(Vladimir Gerdo/Getty Images)
Da Redação
Publicado em 29 de abril de 2021 às 05h46.
Última atualização em 29 de abril de 2021 às 08h41.
Não tem sido um ano fácil para ninguém. Diante do aumento do desemprego, que atingirá 14,6% da população ao final de 2021, segundo projeção da Confederação Nacional da Indústria (CNI), o Brasil tem buscado forças na filantropia em uma nova realidade de consciência coletiva de empresas e indivíduos. “O terceiro setor nunca foi tão importante”, afirma o coordenador de planejamento da Cruz Vermelha Brasileira (CVB), Erick Vieira.
Com mais de 6.000 voluntários atuantes e presente em 21 estados, a CVB é uma das instituições que trabalham para mitigar os efeitos da pandemia em comunidades carentes, populações ribeirinhas e povos indígenas.
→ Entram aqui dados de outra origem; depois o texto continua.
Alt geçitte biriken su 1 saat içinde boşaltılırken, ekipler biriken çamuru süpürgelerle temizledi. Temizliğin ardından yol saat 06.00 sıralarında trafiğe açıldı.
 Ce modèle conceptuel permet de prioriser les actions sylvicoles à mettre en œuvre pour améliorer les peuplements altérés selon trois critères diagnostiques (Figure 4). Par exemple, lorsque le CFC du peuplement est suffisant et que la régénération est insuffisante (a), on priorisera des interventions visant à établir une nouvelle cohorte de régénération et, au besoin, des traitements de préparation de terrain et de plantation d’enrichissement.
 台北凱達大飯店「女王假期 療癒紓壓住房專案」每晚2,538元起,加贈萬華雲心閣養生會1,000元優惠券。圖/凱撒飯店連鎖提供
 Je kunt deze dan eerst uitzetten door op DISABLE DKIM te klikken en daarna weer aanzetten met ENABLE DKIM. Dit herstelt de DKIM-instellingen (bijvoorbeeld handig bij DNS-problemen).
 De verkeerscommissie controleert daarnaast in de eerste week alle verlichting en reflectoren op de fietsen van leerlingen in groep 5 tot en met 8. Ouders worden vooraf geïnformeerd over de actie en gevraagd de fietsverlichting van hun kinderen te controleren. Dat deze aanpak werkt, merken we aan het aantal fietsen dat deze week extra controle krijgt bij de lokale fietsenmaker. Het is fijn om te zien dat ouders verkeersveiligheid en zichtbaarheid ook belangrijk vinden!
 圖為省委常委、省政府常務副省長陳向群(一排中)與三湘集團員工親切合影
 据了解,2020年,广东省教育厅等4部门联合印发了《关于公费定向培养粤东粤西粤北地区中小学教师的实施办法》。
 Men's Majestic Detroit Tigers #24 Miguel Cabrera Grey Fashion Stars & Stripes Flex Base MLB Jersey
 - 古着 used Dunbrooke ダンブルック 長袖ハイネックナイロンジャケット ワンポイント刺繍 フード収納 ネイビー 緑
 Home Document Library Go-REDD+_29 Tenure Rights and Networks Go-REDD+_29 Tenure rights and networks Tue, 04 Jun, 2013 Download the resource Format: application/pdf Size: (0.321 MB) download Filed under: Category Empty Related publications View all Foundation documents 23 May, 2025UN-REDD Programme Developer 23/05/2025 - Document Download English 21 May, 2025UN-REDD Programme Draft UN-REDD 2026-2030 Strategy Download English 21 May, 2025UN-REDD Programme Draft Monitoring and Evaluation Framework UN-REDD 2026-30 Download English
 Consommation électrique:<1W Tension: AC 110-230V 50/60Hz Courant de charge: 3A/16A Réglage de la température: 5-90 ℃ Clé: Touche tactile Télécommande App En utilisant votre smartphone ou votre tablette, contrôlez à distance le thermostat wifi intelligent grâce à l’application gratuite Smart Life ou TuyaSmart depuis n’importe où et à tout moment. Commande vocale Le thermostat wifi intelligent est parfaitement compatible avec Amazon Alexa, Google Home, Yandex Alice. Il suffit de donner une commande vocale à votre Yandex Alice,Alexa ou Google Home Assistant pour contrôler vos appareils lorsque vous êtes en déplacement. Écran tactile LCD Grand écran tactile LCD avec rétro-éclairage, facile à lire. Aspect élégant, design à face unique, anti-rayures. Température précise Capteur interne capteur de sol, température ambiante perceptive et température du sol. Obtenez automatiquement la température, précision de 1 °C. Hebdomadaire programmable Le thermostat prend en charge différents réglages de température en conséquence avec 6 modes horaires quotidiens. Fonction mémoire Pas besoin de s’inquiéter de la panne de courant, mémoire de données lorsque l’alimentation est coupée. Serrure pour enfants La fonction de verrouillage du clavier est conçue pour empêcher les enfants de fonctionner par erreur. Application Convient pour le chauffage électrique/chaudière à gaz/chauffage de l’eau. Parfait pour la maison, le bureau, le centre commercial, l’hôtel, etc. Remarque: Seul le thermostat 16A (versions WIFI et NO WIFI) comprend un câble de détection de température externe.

Vieira afirma que, com a ajuda que vem recebendo, a entidade consegue destinar parte dos recursos para a área da saúde, mas que o valor ainda não é suficiente para auxiliar todas as pessoas que dependem da entidade. “Neste momento, pela crise sanitária, há mais necessidade de EPIs e insumos hospitalares para os profissionais da saúde. Além disso, não podemos nos descuidar dos fatores secundários. Buscamos também realizar ações para a entrega de cestas básicas e cartão de alimentação a quem precisa”, afirma.
O auxílio dado de forma voluntária por empresas e pessoas por causa da crise sanitária evitou um número ainda maior de mortes em decorrência da doença. Os resultados apresentados pela Cruz Vermelha demonstram crescimento de 100% nas doações no ano passado em comparação a 2019. Foram doados 12 milhões de reais, e mais de 8 milhões em produtos como EPIs, álcool em gel e produtos de limpeza, o que possibilitou o aumento do número de pessoas assistidas, beneficiando mais de 7 milhões de brasileiros.
Mesmo com uma possível redução nas doações para este ano, de acordo com pesquisa do Instituto Datafolha publicada em dezembro, a solidariedade nunca esteve tão alta nos últimos tempos. Dados da Associação Brasileira de Captadores de Recursos (ABCR), órgão que monitora as doações para o combate à covid-19 no Brasil, mostram que nos 12 meses contados a partir de 31 de março de 2020 foram doados 6,7 bilhões de reais. As causas a que foram destinados são variadas; contudo, 74% dos recursos foram para a área da saúde, minimizando o desgaste do setor mais utilizado até o momento.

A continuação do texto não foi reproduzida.